Russian Federation Senator from the Nenets Autonomous Okrug
- Incumbent
- Assumed office 14 September 2020
- Preceded by: Olga Starostina

Member of the Naryan-Mar City Counci
- In office 8 September 2019 – 14 September 2020

Member of the Arkhangelsk Regional Assembly of Deputies
- In office September 2013 – 8 September 2019

Personal details
- Born: Denis Vladimirovich Gusev 26 December 1976 (age 48) Arkhangelsk, Russian SFSR, Soviet Union
- Political party: United Russia

= Denis Gusev (politician) =

Russian politician (born 1976)

Denis Vladimirovich Gusev (Russian: Денис Владимирович Гусев; born on 26 December 1976), is a Russian politician who is currently the senator of the executive authority of the Nenets Autonomous Okrug since 14 September 2020.

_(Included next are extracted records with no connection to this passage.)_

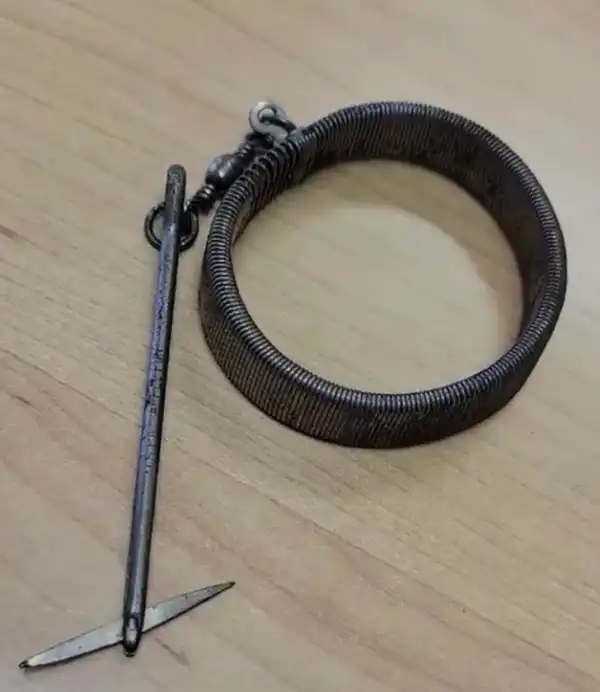 Это набор для занятий рукоделием или вышивкой. Катушка с нитками надевается на острие, а браслет — на запястье.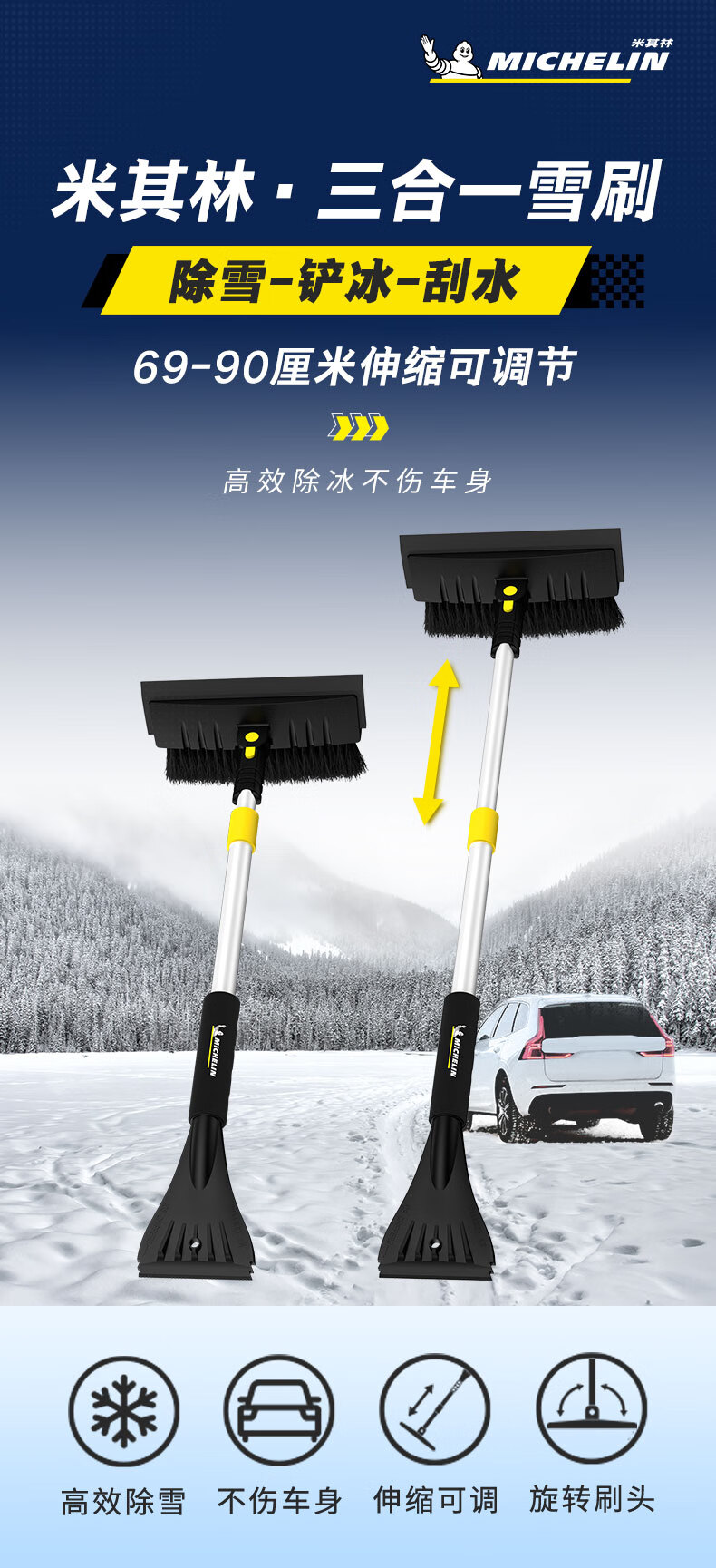 Michelin (MICHELIN) (MICHELIN) car tool three-in-one snow removal shovel with 69-90cm defrosting ice shovel and snow scraper M2590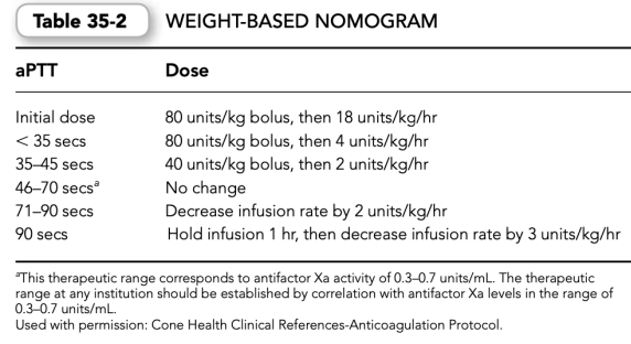 (4)Initial heparin weight-based dosing nomograms and subsequent adjustment proto- cols have been developed to assist the initial weight-based dosing efforts. Such protocols should be developed for a specific aPTT reagent (Tables 35-2 and 35-3).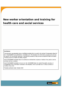 This resource is designed for employers, to help you plan your orientation and training for new workers. It outlines the key health and safety topics for workers in health care and social services, and is formatted as a Microsoft Word document that you can customize to fit the needs of your workplace.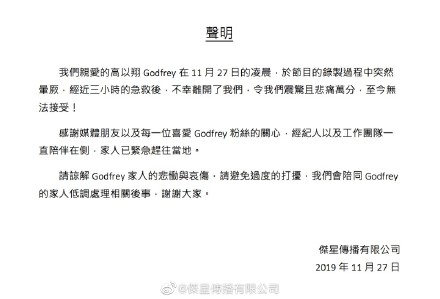 今日上午,高以翔经纪公司发布声明,确认台湾艺人高以翔于11月27日凌晨在录制节目过程中突然晕厥,经过3小时的急救,不幸去世。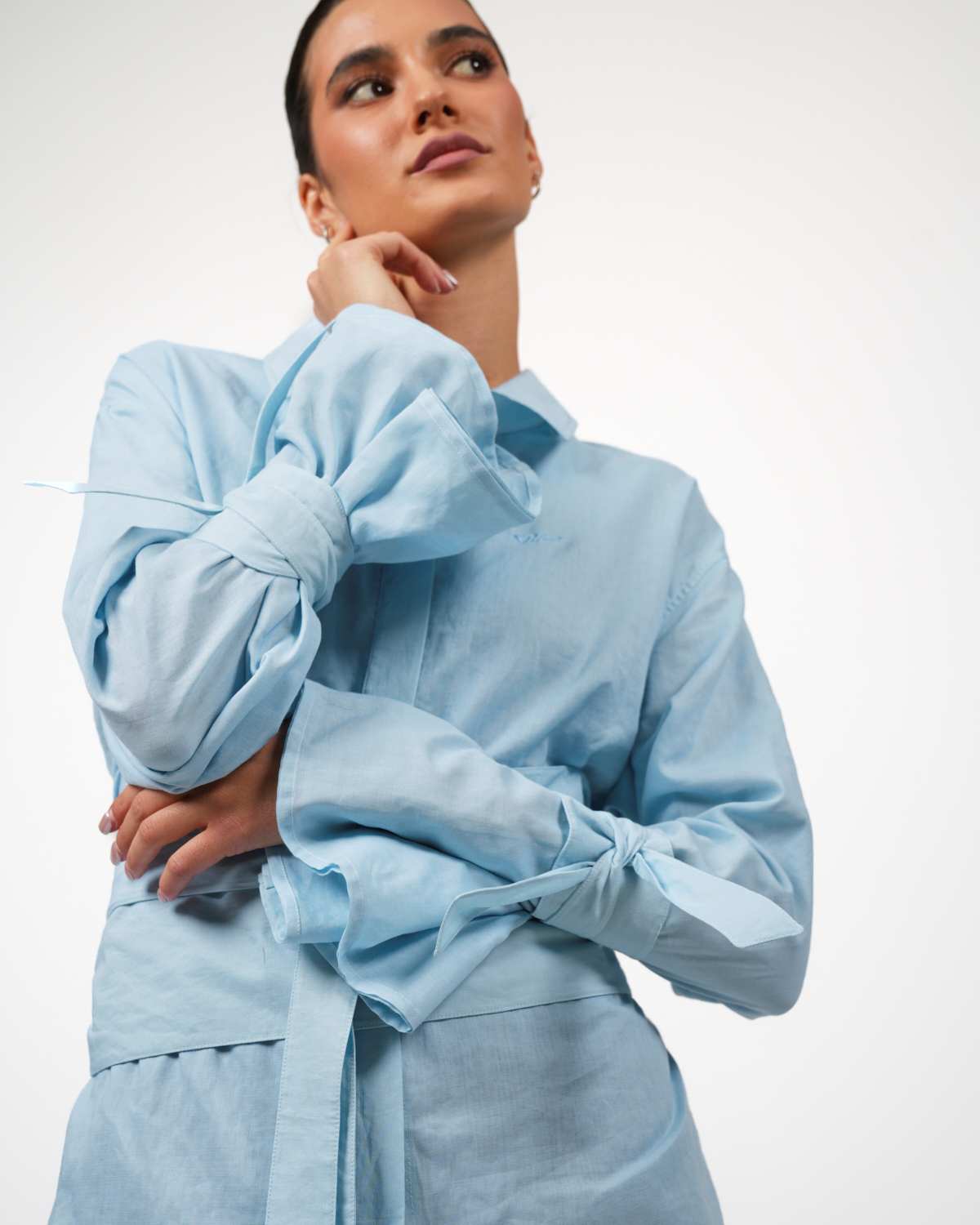 Der Kimono-inspirierte Schnitt mit Taillengürtel ermöglicht zwei Tragevarianten: locker fallend für einen entspannten Look oder feminin betont für einen eleganten Auftritt. Weit ausgestellte Ärmel, hellblaue Akzente und ein dezent gesetzter Zierknopf verleihen der Bluse eine moderne, vielseitige Ästhetik.

He was also the secretary of the Nenets regional branch of the United Russia party from 2016 to 2021.

Since 3 October 2019, he has also been the Chairman of the City Council of Naryan-Mar.

On 9 March 2022, he has been under personal EU sanctions.

==Biography==

Denis Gusev was born in Arkhangelsk on 26 December 1976.

Gusev has been a boxing champion of the Arkhangelsk Oblast in 1995. In 1999, he graduated from the Pomor State University with a degree in history and socio-political disciplines.

From 1999 to 2000 he served in the Arkhangelsk customs.

Between 2000 and October 2019, he worked in subsidiaries of LUKOIL in Naryan-Mar.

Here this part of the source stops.